● Collected data entries
..............................

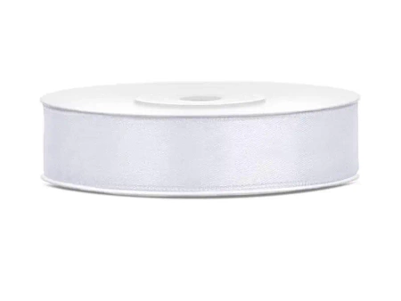 Tasiemka satynowa w kolorze białym, szerokość 12 milimetrów, długość 25 metrów.(1 szt. / 25 mb.)
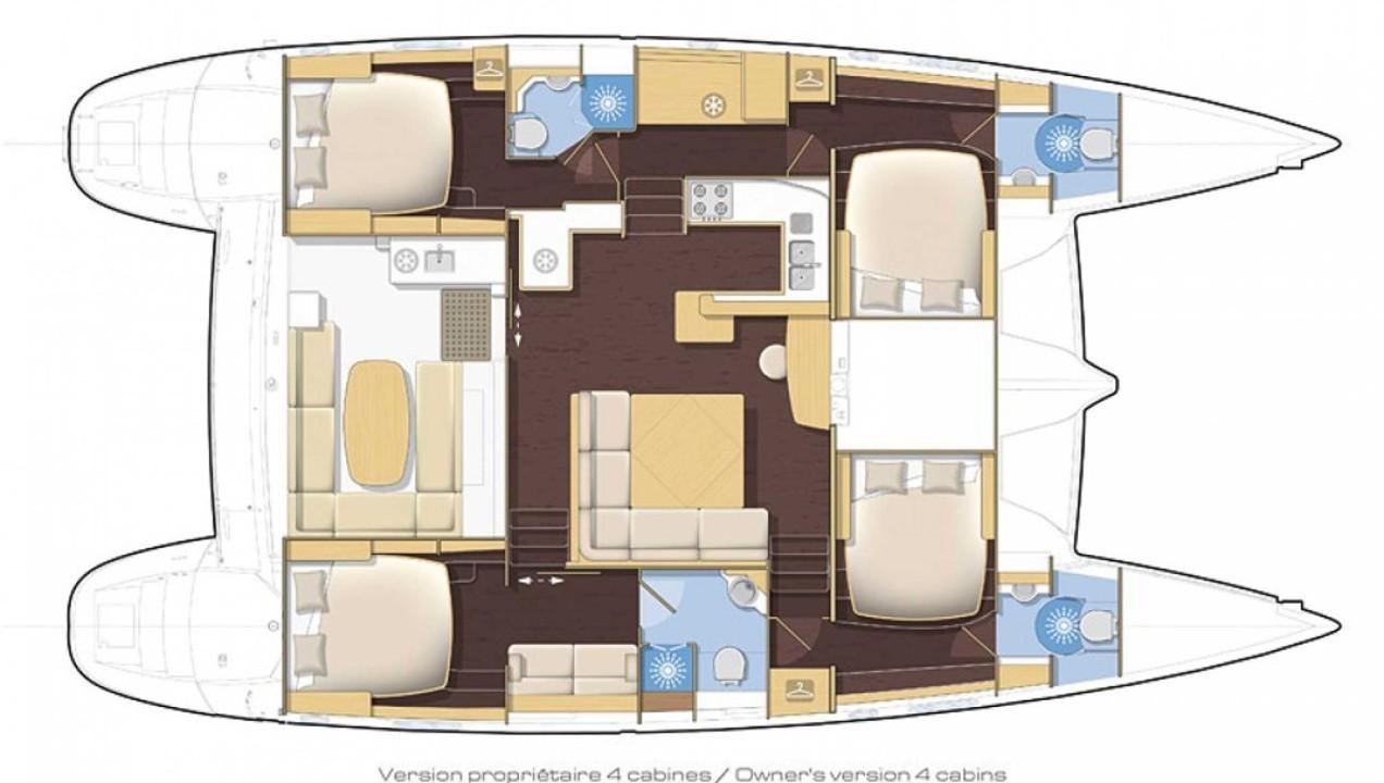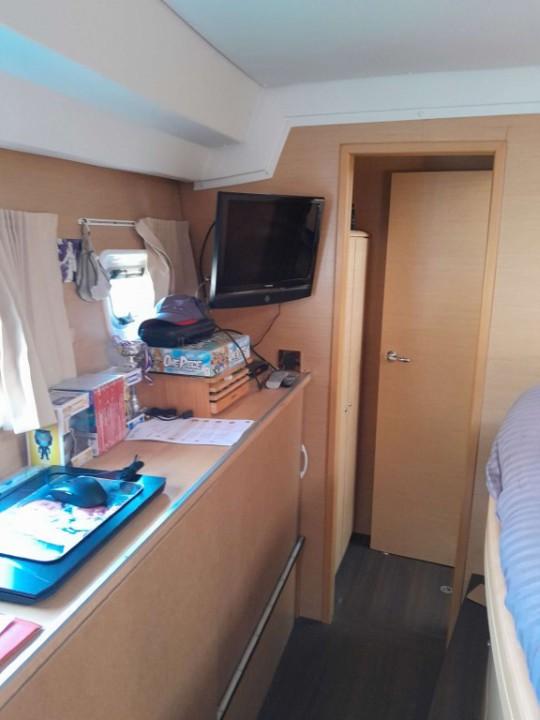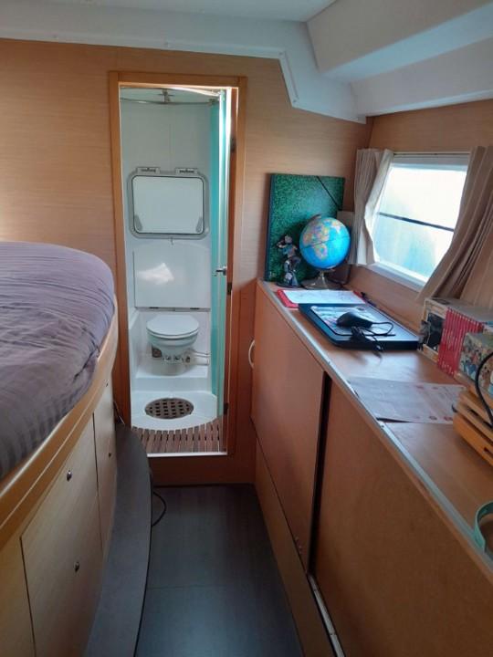 Avec ses grands espaces de vie, le Lagoon 500 offre un confort inégalé. Les cabines spacieuses et les salons lumineux permettent de profiter pleinement de la vie à bord. Une cabine a été aménagé en smart room technique.
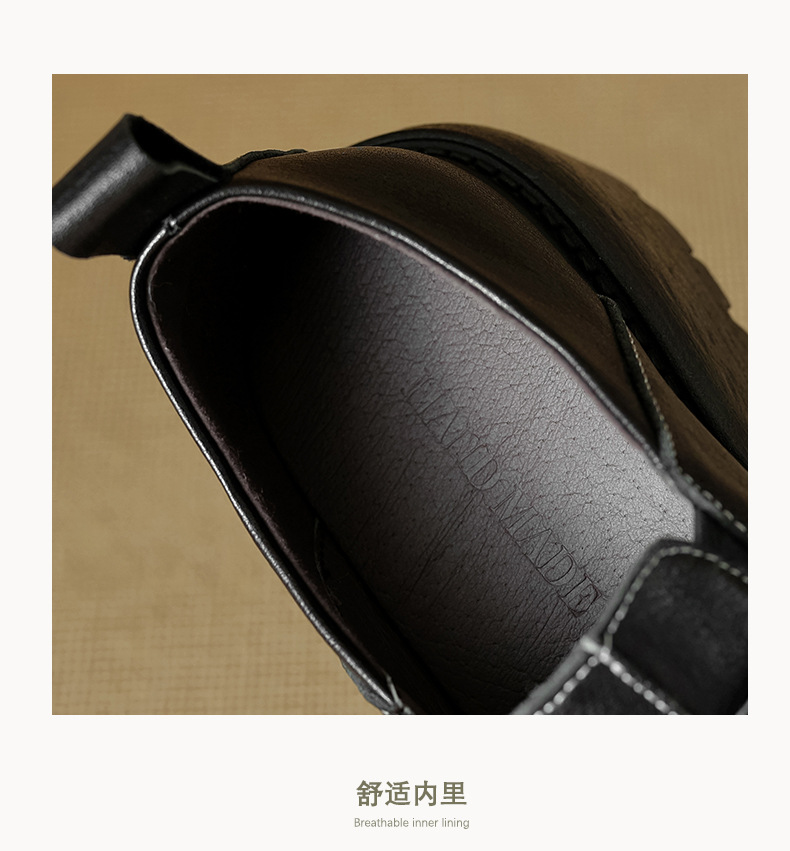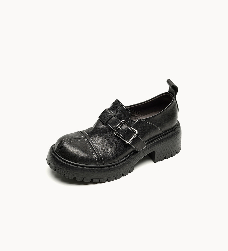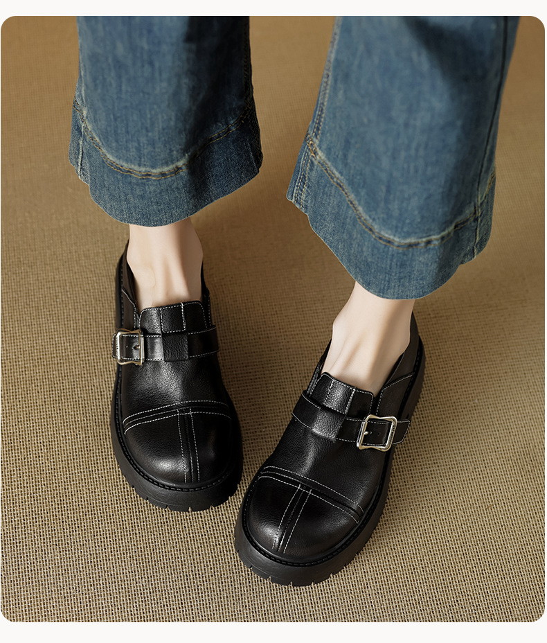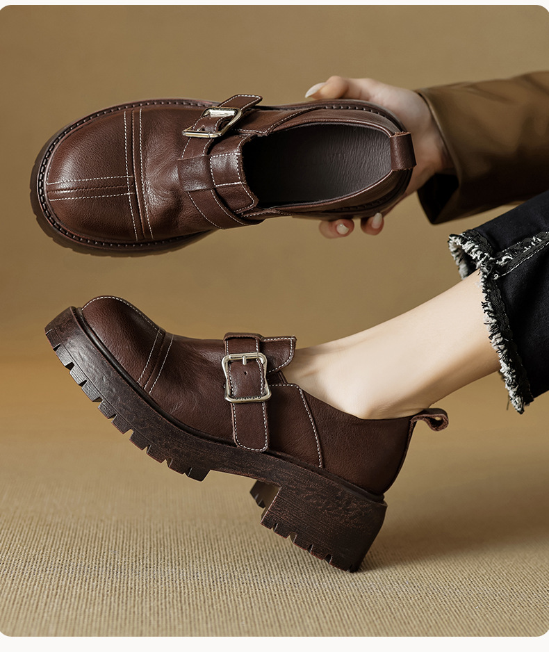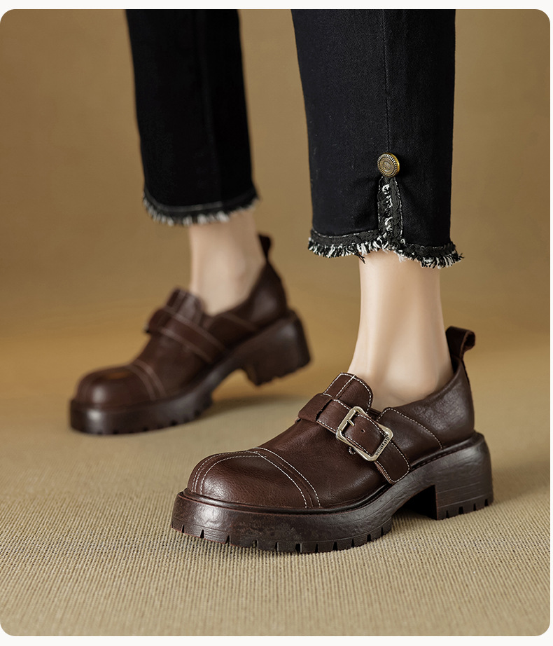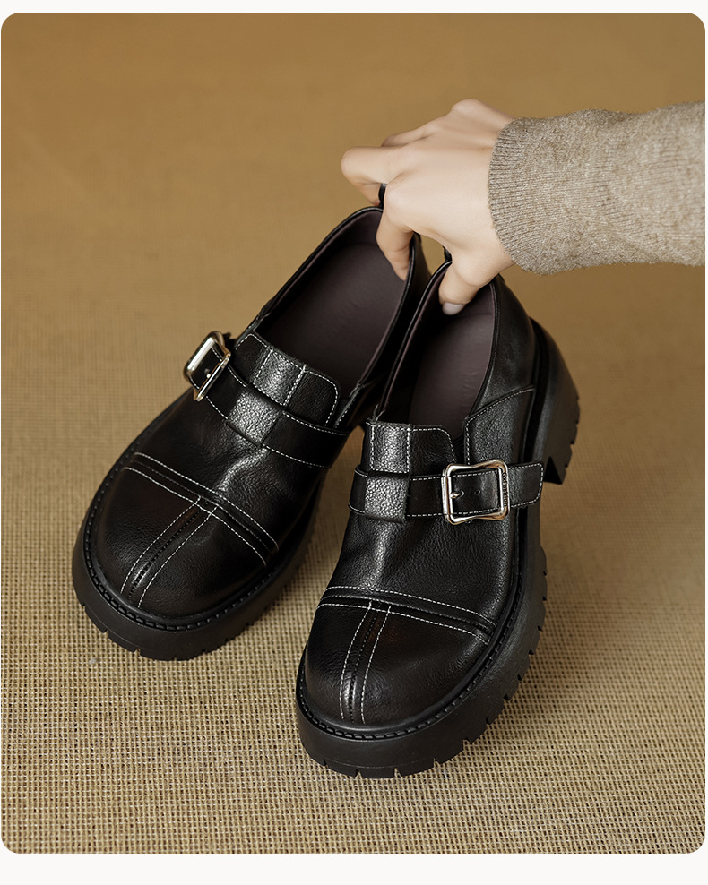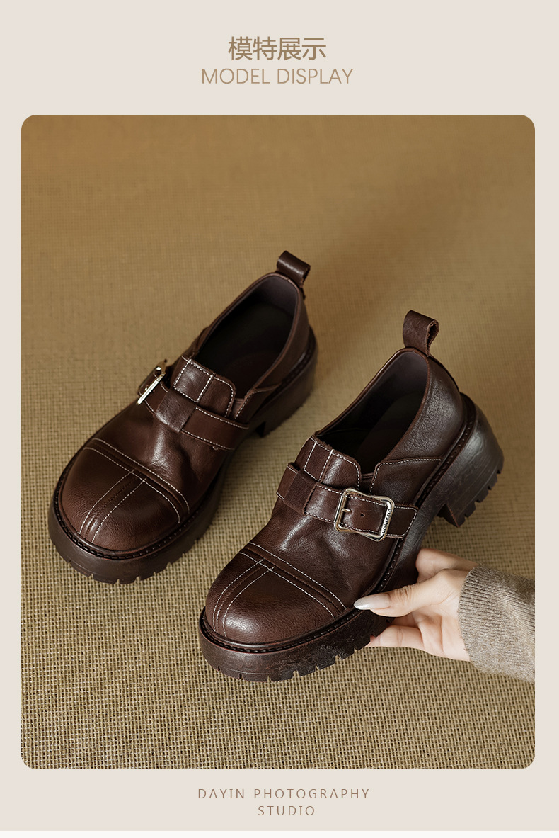 기모 영국 스타일 두꺼운 바닥 가죽 신발 여성 정품 가죽 두꺼운 힐 로퍼 2025 새로운 봄 하이힐 게으른 신발스토어 가기
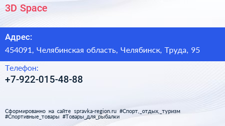 3D Space по адресу 454091, Челябинская область, Челябинск, Труда, 95 в дальнейшем Организация, размещена в следующих категориях:
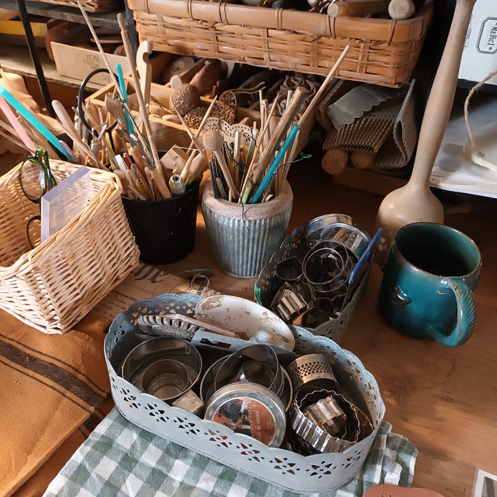 L’endroit est magnifique : une atelier tout en pierres et en bois, un joyeux bric à brac de créations, un poêle à bois, une véranda, des trouvailles ci et là. Une jolie roulotte aménagée avec un déco colorée pour prendre un petit goûter. Et, s’amuser avec la terre, jouer avec les emporte-pièces, les pochoirs, la peinture. Voir se réaliser sous mes mains des créations que j’avais imaginé dans ma tête. Et puis, Carole est vraiment adorable, elle aide, guide; toujours avec le sourire et beaucoup de bienveillance. J’ai vraiment aimé son accueil très chaleureux. Je sais déjà que je retournerais faire un autre atelier dans l’année.
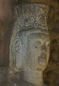 There are 638 stone Buddhas in five main grottoes, which were chiselled in the Northern Zhou (577–581) and Tang dynasty (613–907) and lie along the mountain's eastern edge, close to the summit. All of the smaller grottoes are now empty. The main grottoes are mostly intact with the exception of many of the smaller-Buddha's heads. They are protected by cages. The tallest statue, that of a seated Buddha, still survives. It is over 7 m high, making it the largest in the province. The smallest statues at the site are about 10 cm (4 in) tall. The site was placed under national protection in 1988.

..............................

● Work to be completed
Your answer must be the exact lines of the records from the first one through the line containing "Avec ses grands", with no pictures in it.

● Answer space
 Tasiemka satynowa w kolorze białym, szerokość 12 milimetrów, długość 25 metrów.(1 szt. / 25 mb.)
 Avec ses grands espaces de vie, le Lagoon 500 offre un confort inégalé. Les cabines spacieuses et les salons lumineux permettent de profiter pleinement de la vie à bord. Une cabine a été aménagé en smart room technique.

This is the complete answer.